Man muss erst das Richtige für sich finden,ich suche auch noch.

Das Gute ist,man kann sie wieder ausschleichen,wenn man eine Weile stabil ist.
Ich bin froh,dass es sowas überhaupt gibt.

16.08.2016 18:42 • #3


Perle
Ich nahm Fluoxetin (habe Ende April d.J. ausgeschlichen)

16.08.2016 18:45 • x 1 #4


25.03.2021 12:02 • #5


Lasse dich einfach darauf ein.....es kann dir sehr helfen

25.03.2021 12:05 • x 2 #6


portugal
Wie schlecht muss es Dir noch gehen, damit Du ADS annimmst?

Ich hatte bei einigen NW und bei anderen rein gar nichts.

Sertralin hatte damals bei mir nach 2 Tagen angeschlagen u mir das Leben gerettet.

Es kann nur bergauf gehen!

25.03.2021 12:22 • x 4 #7


Zitat von Nicky78:
Hallo, Nach 25 Jahren mit Panikattacken und mehreren Jahren mit Depressionen komme ich nun endlich in eine Tagesklinik. Diagnose schwere Depression und Angststörung. Ich soll ...


Ganz, ganz vielen geht es in den ersten 14 bis 21 Tagen nach Einnahme-Beginn und Dosissteigerung beschissen. Mich hat es, wie du weißt, stationär gebracht. Andere machen die Hölle zuhause durch, um endlich wieder richtig leben zu können.
Entschuldige die drastische Wortwahl, ich will deine Angst vor diesen Medikamenten bzw. deren anfänglichen NW nicht schüren.
Aber wenn du ans nächste AD mit der Hoffnung ran gehst, nichts davon zu merken, kannst du fast nur enttäuscht werden.

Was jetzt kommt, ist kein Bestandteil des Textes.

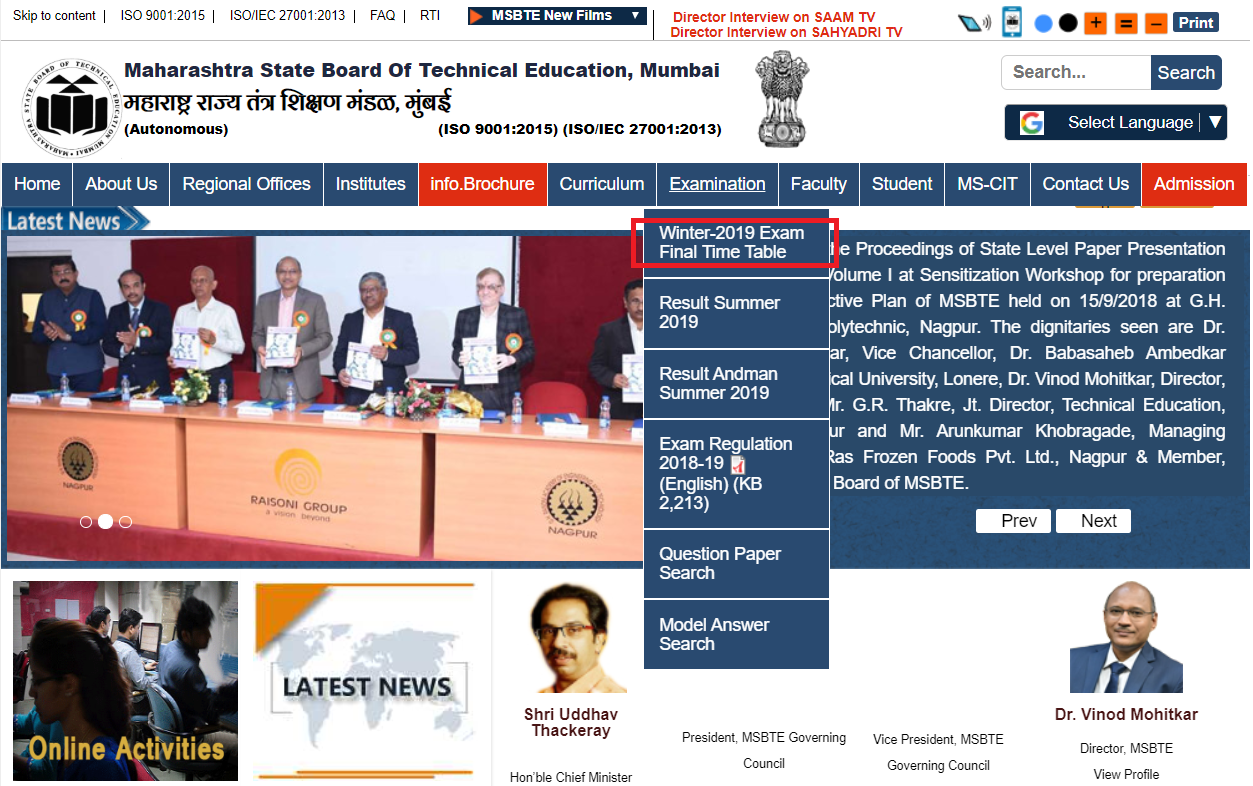 Students should go to the official website of MSBTE. Then, download the ‘Winter 2023 Exam Final Time Table’ that appeared under the ‘Examination’ menu of the homepage.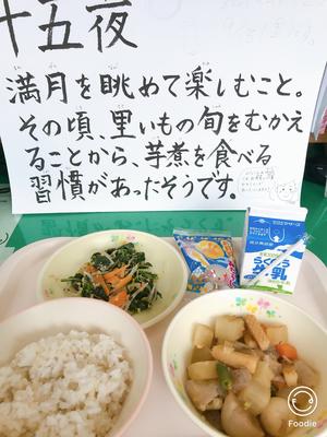 献立「麦ご飯 牛乳 いかと里芋の煮物 ピーナツ和え 十五夜セレクト」

Hättest du damals nicht nach 6 Tagen das Escitalopram - einem der besser bekömmlich SSRI - abgesetzt, wärest du jetzt vielleicht die alte.

Was ich dir sagen will: die erste Zeit wird vermutlich anstrengend. Nimm zur Not Tavor und Co und gönn dir ALLES was dir gut tut. Aber halte Minimium 3 Wochen durch (nach jeder Erhöhung).

Dann schaffst du den Sprung zurück ins Leben.

25.03.2021 13:05 • x 3 #8


Hallo Pauline, warum musstest du nochmal stationär gehen? Wenn es das nächste Mal so schlimm ist, werde ich auch darum bitten, bevor ich abbreche. Der Zeitpunkt ist nur denkbar schlecht. Mein Sohn, auch depressiv, wechselt gerade dann die Schule und ich will für ihn da sein. Er ist zur Zeit in der Tagesklinik.

25.03.2021 13:12 • #9


Weil ich wahnsinnig mit den NW zu kämpfen hatte: Dauerpanik, extreme Unruhe, sodass ich gezittert und gewackelt habe z.T., ich konnte nichts mehr essen, nicht mehr schlafen, war verzweifelt und weinerlich. Ich bin wegen meiner Kinder stationär gegangen. Sie sollten nicht Angst um oder vor mir haben und ich musste mich ganz klar um mich kümmern.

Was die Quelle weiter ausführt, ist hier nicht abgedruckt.